財政的な負担軽減や有限の医療資源の有効活用のためだけでなく、医療の質の維持・向上においても、集約化は、今後ますます重要な論点となることだろう。

■集約化を支える「新たな機能」 ①患者の長距離移動・搬送のための機能

急性期の機能を集約するという議論は、一部の人にとってみたら、身近な病院が急性期を止めることを意味している。今まで車で10分だった病院が30分になるかもしれないし、過疎地域では30分が2時間になるかもしれない。どこまでその制約を許容するかにもよるが、集約化には必ずつきまとう点である。

これを回避、もしくは負担を軽減するには、例えば、ドクターカーや、ドクターヘリがある。すでに北海道ではドクターヘリの運用がかなり増え、需要が供給を上回ってしまうようなことも起きているようだ(出所;北海道新聞【北海道内のドクターヘリ、フル回転 12年度、出動最多1096件 要請重なるケース急増】)。

急性期の集約化の議論と一緒に、ドクターヘリなどの運用についても、これまで以上に積極的に検討すべきだと思われる(一律整備すべきというのではなく、その地域の状況に応じ整備すべき)。


■集約化を支える「新たな機能」 ②患者家族の移動負担軽減のための機能

すでに機能の集約化が進んでいる小児の高度急性期機能について見てみると、下記の小児がん拠点病院の指定を見ても、全国で希少性のある疾患を診てもらえる施設は非常に限定的であり、国も集約を進めていることが分かる。

小児がん拠点病院の指定について |報道発表資料|厚生労働省

これは、患者はかなりの移動を強いられていることが想定される。実際に、自分で見聞きしたレベルでも、山形や新潟といった遠方から、東京の小児専門病院へキャリーバッグを引きながら外来を受診したり、入院のために来ている例を知っており、おそらく、それほど珍しい話ではないのだろう。
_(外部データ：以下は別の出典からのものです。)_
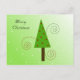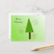 A whimsical Christmas tree in green on a soft green background with snow falling down. Customize as desired.
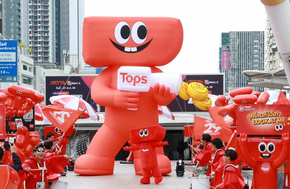 Bangkok, 19 August 2025 — TOPS, the food business under Central Retail, has kicked off its 29th anniversary celebrations in grand style, launching a major campaign to spread happiness across the country and give back to its customers. Reinforcing its position as Thailand’s leading supermarket and generating excitement for its flagship annual campaign, TOPS has unleashed a joyful red wave across the city with the launch of ‘The Red Phenomenon’. The spectacle is led by a giant 6-metre-tall TOPSTER mascot, accompanied by a troop of 48 TOPSTER in total, transforming the Chong Nonsi Skywalk — a bustling central business district landmark — into a vibrant red photo hotspot. Alongside the visual extravaganza, TOPS is spreading happiness with the giveaway of over 2,900 special discount coupons between 18 and 22 August 2025. The celebrations also include exclusive, unprecedented promotions, with discounts of up to 29% across the basket from over 119 leading partner brands, plus additional on-top basket discount coupons worth up to 450 baht. These offers run from 20 August to 30 September 2025, culminating in a one-day-only ‘secret deal’ surprise on 29 August 2025.
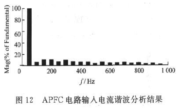 單相APFC電路采用Matlab7.6進(jìn)行建模與仿真。圖10為APFC電路輸入電壓和電流波形,可見網(wǎng)側(cè)輸入電流由窄脈沖波形變成正弦電流波形,且與輸入電壓同相位。圖11為APFC電路輸出電壓波形,可見經(jīng)過60ms的軟啟動(dòng)過程之后,輸出電壓穩(wěn)定在400V左右,滿足設(shè)計(jì)要求。圖12為APFC電路輸入電流諧波分析結(jié)果,可見除基波外,其余諧波含量均很小?! ?/p>

たった1週間の子供の入院であっても遠方から来ている場合は親は家を空けることになる(原則付き添う必要ないため、絶対に空けなければならないというわけではないが、子供に付き添う家庭が多い)。片道2時間を毎日往復していたり、入院した子供の兄弟を親類に預け家を空けてきた、なんて話も聞いた。

これは近所の病院で何もかも診てもらえるわけではない、という機能集約化の弊害だろう。この苦労を軽減する解決策のひとつが、こども病院に付設される「マクドナルドハウス」のような施設だ。

公益財団法人ドナルド・マクドナルド・ハウス・チャリティーズ・ジャパン

病院のそばにこういった機能・施設があることで、家族が1週間そこで生活しながら病院に通ったり、外来での宿泊先で利用したり、いろいろと融通が利くようになる。これは別にマクドナルドハウスでなければ困るというものではない。病院の隣にホテルがあればよいのかもしれない。実際、アメリカでは病院の隣にホテルがあったりするところも多い。下のGoogle Mapsのストリートビューはほんの一例だが、シアトルにあるVirginia Mason Hospitalでは、救急の入口の脇に「INN」の看板がある。
SeattleのVirginia Mason Hospital (クリックすると画面が開きます)
日本での入院治療はまだまだ長期にわたることも多い。ホテルは何かと患者家族の金銭的負担が大きい可能性もあるため、集約化の議論における論点の1つに、どのように負担を軽減するか、というのがあっても良いのではないだろうか。